Since its foundation in 1934, Sinto has been committed to developing the most innovative technologies in order to supply the best foundry equipment in the process materials industry. This is based on: “Giving Form and Life to Process Materials.”
As a result, Sinto has become the world's largest and most trusted manufacturer of foundry equipment. Sinto is able to offer sophisticated foundry technologies for improving casting quality, productivity and the work environment. Sinto has applied its experience and know-how of foundry technology to related fields, such as surface treatment, environmental equipment, and other applications, such as mechatronics, powder treatment, testing & measurement, ceramics, and material handling.
In 2019, the world was already facing an uncertain future, with the US-China trade conflict and slowdown of the Chinese economy as well as the UK leaving the European Union. Then the COVID-19 pandemic hit at the end of the fiscal year, bringing the global economy to a halt. Overseas, there has been an extreme slowdown in economic activities and clear restraint in capital investments, and in Japan, with outings and events cancelled as a result of the pandemic, personal consumption fell significantly. Regarding the Sinto Group’s business environment, overseas, there has been a decrease in capital investment in automotive fields and in general. In Japan, amid sluggish foreign demand and capital investment, the slowed economy due to the pandemic has had a large impact on the business environment.

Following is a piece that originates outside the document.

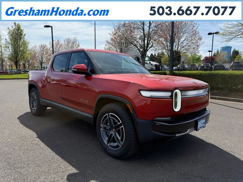 10 Speakers, 4-Wheel Disc Brakes, ABS brakes, Adaptive suspension, Air Conditioning, Alloy wheels, Audio memory, Auto High-beam Headlights, Auto tilt-away steering wheel, Auto-dimming door mirrors, Auto-dimming Rear-View mirror, Auto-leveling suspension, Automatic temperature control, Brake assist, Delay-off headlights, Driver door bin, Driver vanity mirror, Dual front impact airbags, Dual front side impact airbags, Electronic Stability Control, Emergency communication system, Exterior Parking Camera Rear, Four wheel independent suspension, Front anti-roll bar, Front Bucket Seats, Front Center Armrest, Front dual zone A/C, Front fog lights, Front reading lights, Fully automatic headlights, Garage door transmitter, Genuine wood console insert, Genuine wood dashboard insert, Genuine wood door panel insert, Heated & Ventilated Front Seats w/Memory, Heated door mirrors, Heated front seats, Heated rear seats, Heated steering wheel, Illuminated entry, Knee airbag, Low tire pressure warning, Memory seat, Navigation System, Occupant sensing airbag, Outside temperature display, Overhead airbag, Panic alarm, Passenger door bin, Passenger vanity mirror, Perf Vegan Lthr Seat Trim w/Dark Ash Wood, Power door mirrors, Power driver seat, Power passenger seat, Power steering, Power windows, Radio: Rivian Standard Audio, Rain sensing wipers, Rear air conditioning, Rear anti-roll bar, Rear audio controls, Rear dual zone A/C, Rear fog lights, Rear reading lights, Rear seat center armrest, Rear window defroster, Security system, Speed control, Speed-sensing steering, Split folding rear seat, Spoiler, Steering wheel memory, Steering wheel mounted audio controls, Telescoping steering wheel, Tilt steering wheel, Traction control, Trip computer, Turn signal indicator mirrors, Variably intermittent wipers, Ventilated front seats, Wheels: 20" x 8.5", Wheels: 22" x 8.5" Sport Bright.

Under these conditions, on a consolidated basis, we had an order volume of ¥96,714 million (13.8% decrease from the previous fiscal year), net sales of ¥102,703 million (6.7% decrease), and order backlog of ¥34,669 million (14.7% decrease), with weak results overall. For income, with the decrease in revenue, operating income fell to ¥4,734 million (15.3% decrease), and with decreased equity in earnings of affiliated companies, net income before taxes fell to ¥4,732 million (27.1% decrease). Additionally, as gains from the sale of fixed assets were included in the previous fiscal year’s accounts, net income attributable to shareholders of the parent company fell to ¥2,879 million (46.8% decrease).